:: INPUT DATA ::
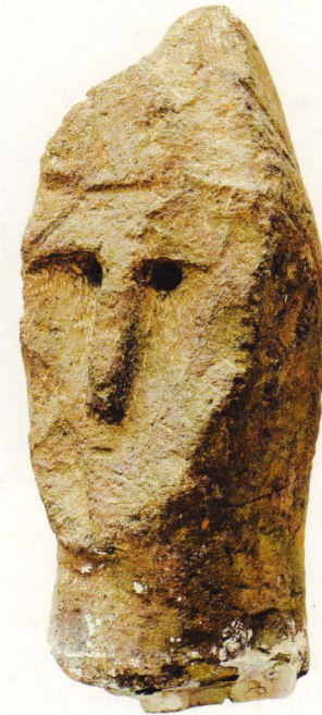
ԴԻՄԱՔԱՆԴԱԿ - ԿՈՒՌՔ ք.ա. X - IX դդ. Դվին, սուֆ, 56 x 30 x 23 սմ ՀՊԹ № 3078

Տղամարդու դիմաքանդակ է: Գլխին կրում է սրագագաթ սաղավարտ: Դեմքը օվալաձև է՝ տափակ, քիթը երկար, ուղղանկյունաձև: Հաստ հոնքաղեղների տակ աչքերը նշված են կլոր փոսիկով: Օժճրակին սաղավարտի փետրափունջը հիշեցնող ուղղահայաց իջնող ռելյեֆ է: Նախնիների պաշտամունքը խորհրդանշող մարդակերպ այսիսի քարե կուրքերը ք.ա. X - IX դդ. տեղադրվում էին դամբարանների վրա կամ սրբավայրերում:
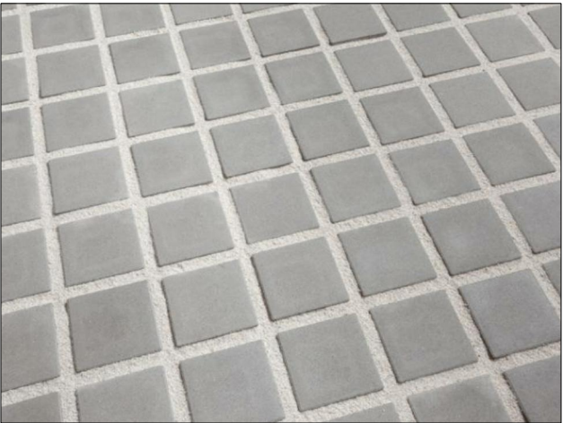
ROZMĚR DLAŽBY 200x200mm

:: WHAT YOU WILL DO ::
Find the line that contains "Տղամարդու դիմաքանդակ է: Գլխին". Copy it and every line after it through the end of the listing exactly, but not the pictures.

:: OUTPUT OF THE EXERCISE ::
Տղամարդու դիմաքանդակ է: Գլխին կրում է սրագագաթ սաղավարտ: Դեմքը օվալաձև է՝ տափակ, քիթը երկար, ուղղանկյունաձև: Հաստ հոնքաղեղների տակ աչքերը նշված են կլոր փոսիկով: Օժճրակին սաղավարտի փետրափունջը հիշեցնող ուղղահայաց իջնող ռելյեֆ է: Նախնիների պաշտամունքը խորհրդանշող մարդակերպ այսիսի քարե կուրքերը ք.ա. X - IX դդ. տեղադրվում էին դամբարանների վրա կամ սրբավայրերում:
ROZMĚR DLAŽBY 200x200mm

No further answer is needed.